• _Your objective_: Every line below must be copied as written, except for pictures.

• _Input data_:
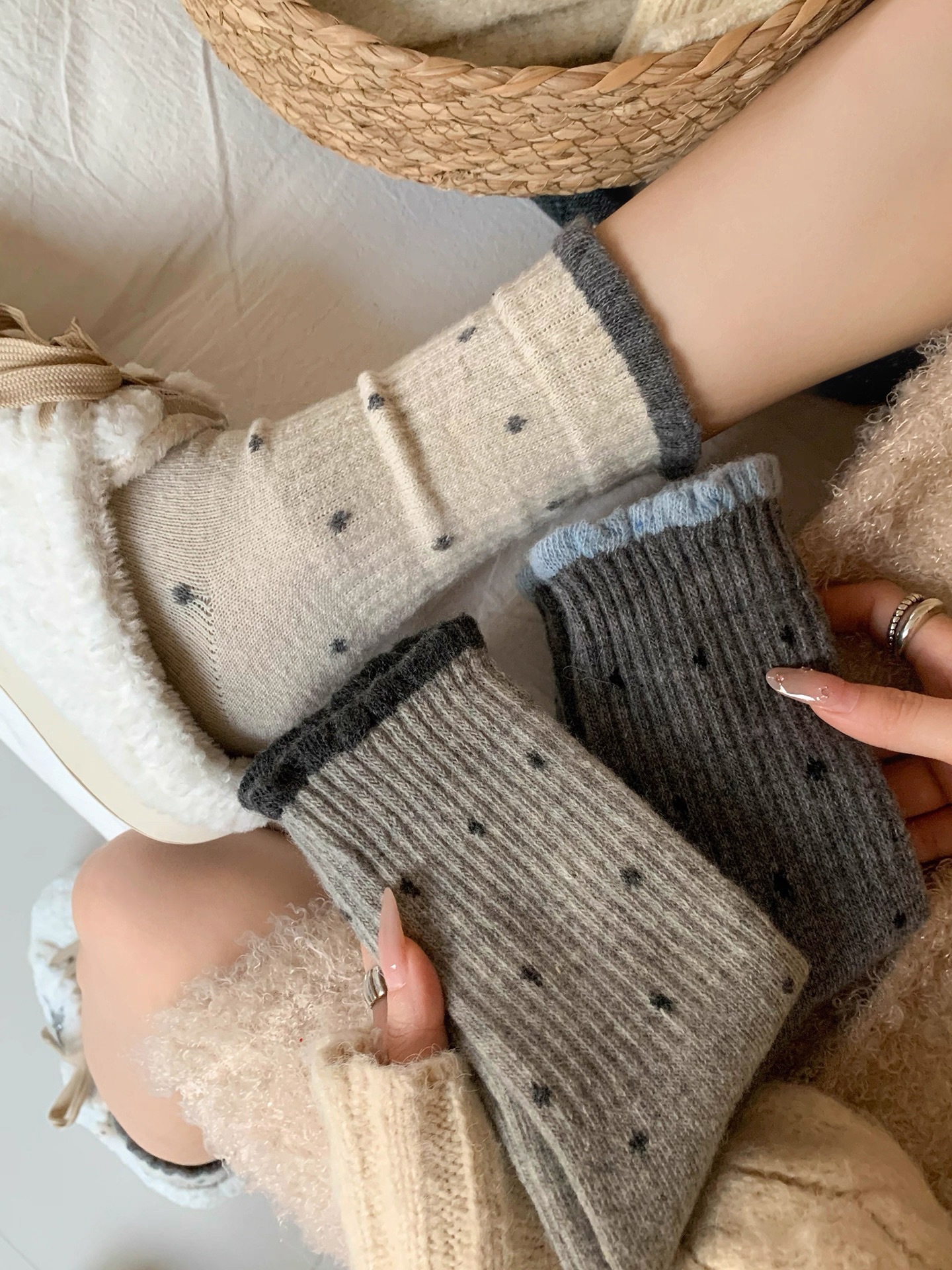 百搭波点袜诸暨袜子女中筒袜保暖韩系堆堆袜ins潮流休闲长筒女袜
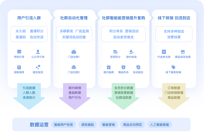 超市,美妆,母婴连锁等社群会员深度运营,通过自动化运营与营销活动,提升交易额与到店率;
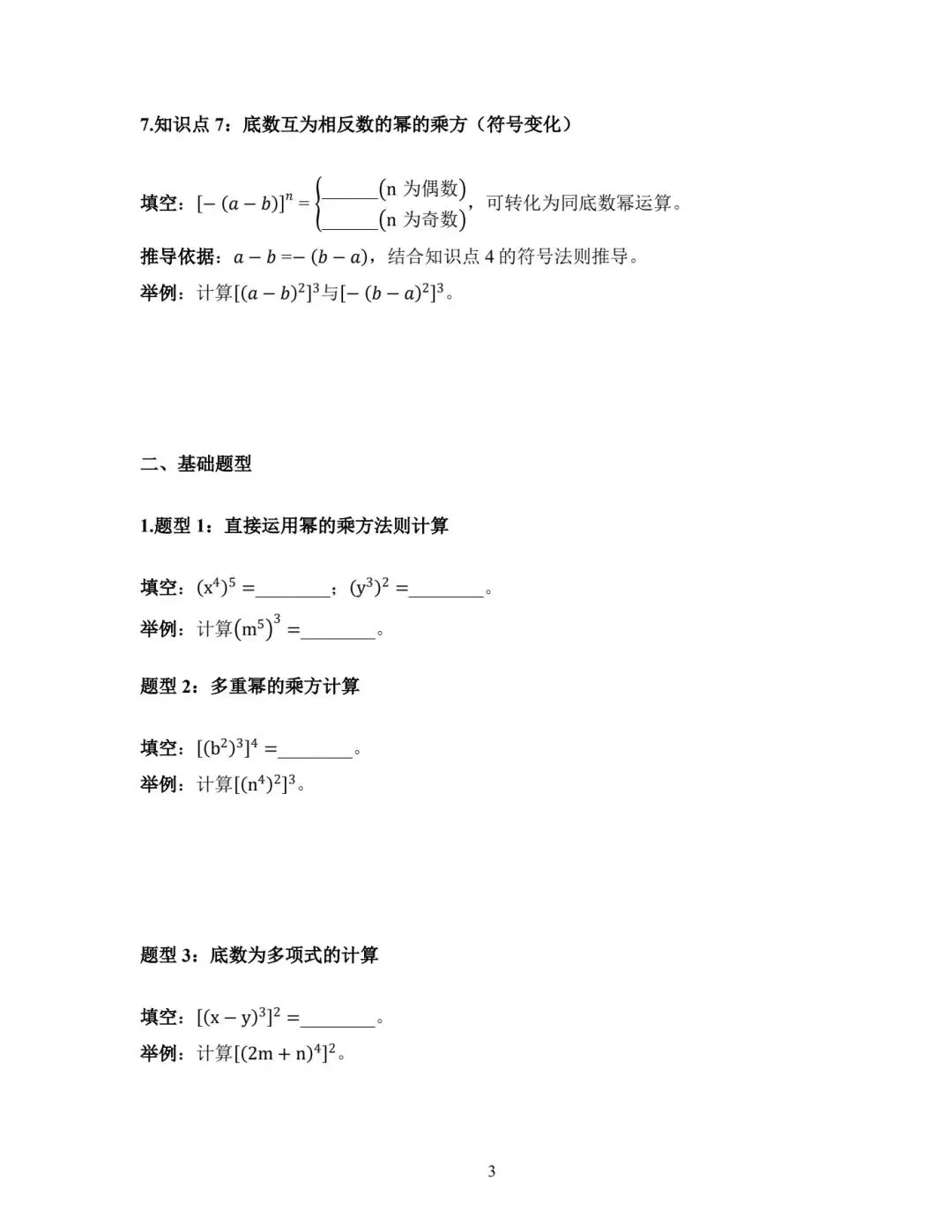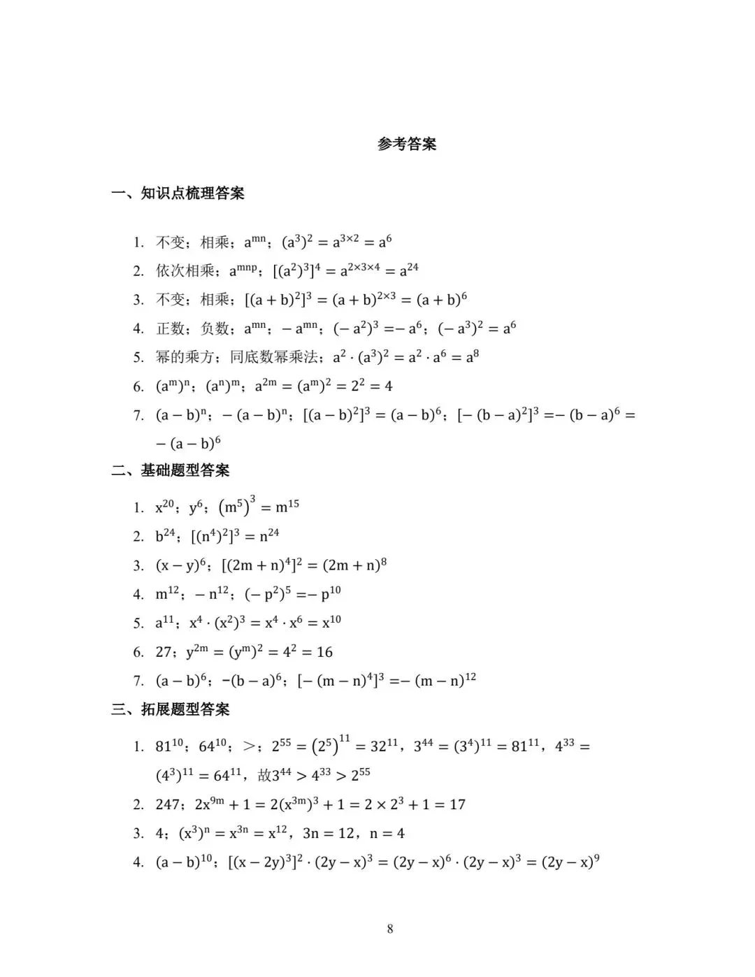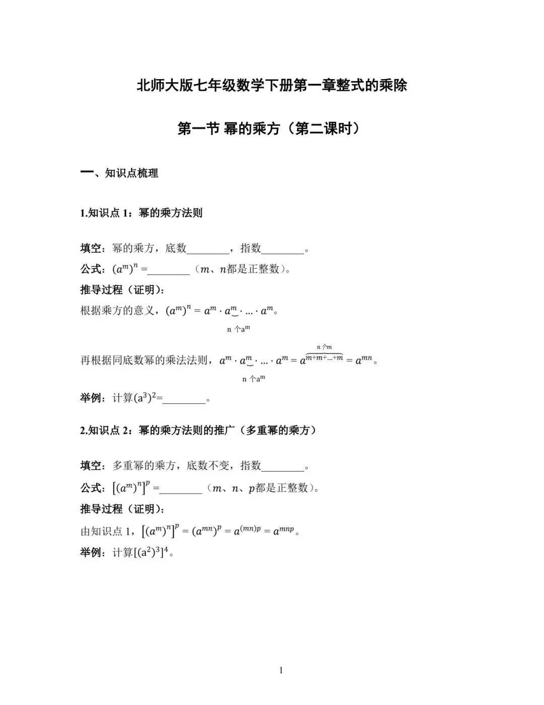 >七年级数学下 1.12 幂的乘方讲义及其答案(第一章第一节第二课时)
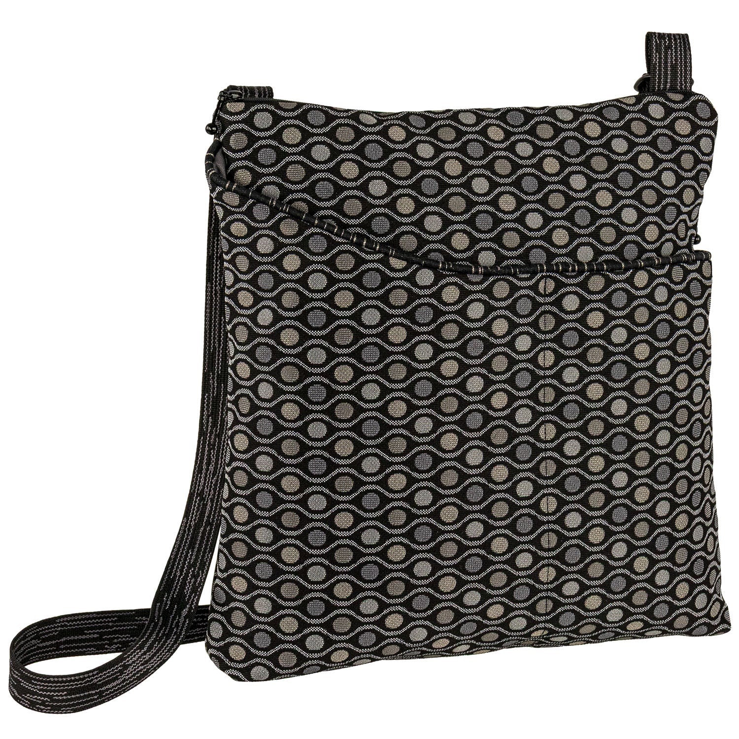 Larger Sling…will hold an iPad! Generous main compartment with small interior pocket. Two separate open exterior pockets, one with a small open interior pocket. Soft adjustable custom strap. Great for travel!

• _Answer area_:
 百搭波点袜诸暨袜子女中筒袜保暖韩系堆堆袜ins潮流休闲长筒女袜
 超市,美妆,母婴连锁等社群会员深度运营,通过自动化运营与营销活动,提升交易额与到店率;
 >七年级数学下 1.12 幂的乘方讲义及其答案(第一章第一节第二课时)
 Larger Sling…will hold an iPad! Generous main compartment with small interior pocket. Two separate open exterior pockets, one with a small open interior pocket. Soft adjustable custom strap. Great for travel!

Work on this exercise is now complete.